══ INPUT DATA
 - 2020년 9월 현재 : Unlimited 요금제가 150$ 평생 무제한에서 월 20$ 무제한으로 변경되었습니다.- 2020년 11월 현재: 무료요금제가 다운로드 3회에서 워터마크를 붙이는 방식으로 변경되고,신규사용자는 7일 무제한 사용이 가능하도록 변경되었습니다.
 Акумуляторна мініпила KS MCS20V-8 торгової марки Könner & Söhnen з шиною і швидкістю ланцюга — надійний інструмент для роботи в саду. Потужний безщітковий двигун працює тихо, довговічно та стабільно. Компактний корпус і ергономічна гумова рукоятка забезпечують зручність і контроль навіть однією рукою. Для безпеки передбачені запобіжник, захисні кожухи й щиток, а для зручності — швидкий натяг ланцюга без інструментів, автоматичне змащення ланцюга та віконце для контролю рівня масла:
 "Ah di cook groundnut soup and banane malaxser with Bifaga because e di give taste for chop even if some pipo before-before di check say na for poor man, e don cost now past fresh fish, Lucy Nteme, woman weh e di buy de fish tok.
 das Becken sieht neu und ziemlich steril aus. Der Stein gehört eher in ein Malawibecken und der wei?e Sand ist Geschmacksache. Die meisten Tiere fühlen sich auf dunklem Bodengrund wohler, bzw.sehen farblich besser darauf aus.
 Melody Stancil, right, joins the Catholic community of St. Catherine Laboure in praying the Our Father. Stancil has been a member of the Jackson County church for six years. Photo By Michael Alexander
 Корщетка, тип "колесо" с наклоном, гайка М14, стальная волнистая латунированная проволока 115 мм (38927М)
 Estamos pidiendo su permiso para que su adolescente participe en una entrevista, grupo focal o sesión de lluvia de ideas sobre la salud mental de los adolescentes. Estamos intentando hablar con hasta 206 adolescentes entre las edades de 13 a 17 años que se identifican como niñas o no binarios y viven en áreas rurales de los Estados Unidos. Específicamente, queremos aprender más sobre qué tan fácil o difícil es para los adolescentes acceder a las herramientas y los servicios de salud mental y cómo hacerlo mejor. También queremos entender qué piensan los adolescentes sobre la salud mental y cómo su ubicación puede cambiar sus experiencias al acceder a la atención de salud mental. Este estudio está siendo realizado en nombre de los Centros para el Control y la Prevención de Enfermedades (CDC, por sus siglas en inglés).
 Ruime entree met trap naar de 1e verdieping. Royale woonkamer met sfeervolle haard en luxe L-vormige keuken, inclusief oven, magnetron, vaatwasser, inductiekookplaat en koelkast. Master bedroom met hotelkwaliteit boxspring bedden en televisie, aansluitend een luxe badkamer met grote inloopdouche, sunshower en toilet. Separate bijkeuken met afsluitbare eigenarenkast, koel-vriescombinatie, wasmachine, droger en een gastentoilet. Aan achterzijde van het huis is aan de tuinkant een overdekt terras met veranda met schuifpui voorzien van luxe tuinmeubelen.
════
TASK INSTRUCTIONS: Your task is to output all of the data above word for word.

TASK ANSWER:
 - 2020년 9월 현재 : Unlimited 요금제가 150$ 평생 무제한에서 월 20$ 무제한으로 변경되었습니다.- 2020년 11월 현재: 무료요금제가 다운로드 3회에서 워터마크를 붙이는 방식으로 변경되고,신규사용자는 7일 무제한 사용이 가능하도록 변경되었습니다.
 Акумуляторна мініпила KS MCS20V-8 торгової марки Könner & Söhnen з шиною і швидкістю ланцюга — надійний інструмент для роботи в саду. Потужний безщітковий двигун працює тихо, довговічно та стабільно. Компактний корпус і ергономічна гумова рукоятка забезпечують зручність і контроль навіть однією рукою. Для безпеки передбачені запобіжник, захисні кожухи й щиток, а для зручності — швидкий натяг ланцюга без інструментів, автоматичне змащення ланцюга та віконце для контролю рівня масла:
 "Ah di cook groundnut soup and banane malaxser with Bifaga because e di give taste for chop even if some pipo before-before di check say na for poor man, e don cost now past fresh fish, Lucy Nteme, woman weh e di buy de fish tok.
 das Becken sieht neu und ziemlich steril aus. Der Stein gehört eher in ein Malawibecken und der wei?e Sand ist Geschmacksache. Die meisten Tiere fühlen sich auf dunklem Bodengrund wohler, bzw.sehen farblich besser darauf aus.
 Melody Stancil, right, joins the Catholic community of St. Catherine Laboure in praying the Our Father. Stancil has been a member of the Jackson County church for six years. Photo By Michael Alexander
 Корщетка, тип "колесо" с наклоном, гайка М14, стальная волнистая латунированная проволока 115 мм (38927М)
 Estamos pidiendo su permiso para que su adolescente participe en una entrevista, grupo focal o sesión de lluvia de ideas sobre la salud mental de los adolescentes. Estamos intentando hablar con hasta 206 adolescentes entre las edades de 13 a 17 años que se identifican como niñas o no binarios y viven en áreas rurales de los Estados Unidos. Específicamente, queremos aprender más sobre qué tan fácil o difícil es para los adolescentes acceder a las herramientas y los servicios de salud mental y cómo hacerlo mejor. También queremos entender qué piensan los adolescentes sobre la salud mental y cómo su ubicación puede cambiar sus experiencias al acceder a la atención de salud mental. Este estudio está siendo realizado en nombre de los Centros para el Control y la Prevención de Enfermedades (CDC, por sus siglas en inglés).
 Ruime entree met trap naar de 1e verdieping. Royale woonkamer met sfeervolle haard en luxe L-vormige keuken, inclusief oven, magnetron, vaatwasser, inductiekookplaat en koelkast. Master bedroom met hotelkwaliteit boxspring bedden en televisie, aansluitend een luxe badkamer met grote inloopdouche, sunshower en toilet. Separate bijkeuken met afsluitbare eigenarenkast, koel-vriescombinatie, wasmachine, droger en een gastentoilet. Aan achterzijde van het huis is aan de tuinkant een overdekt terras met veranda met schuifpui voorzien van luxe tuinmeubelen.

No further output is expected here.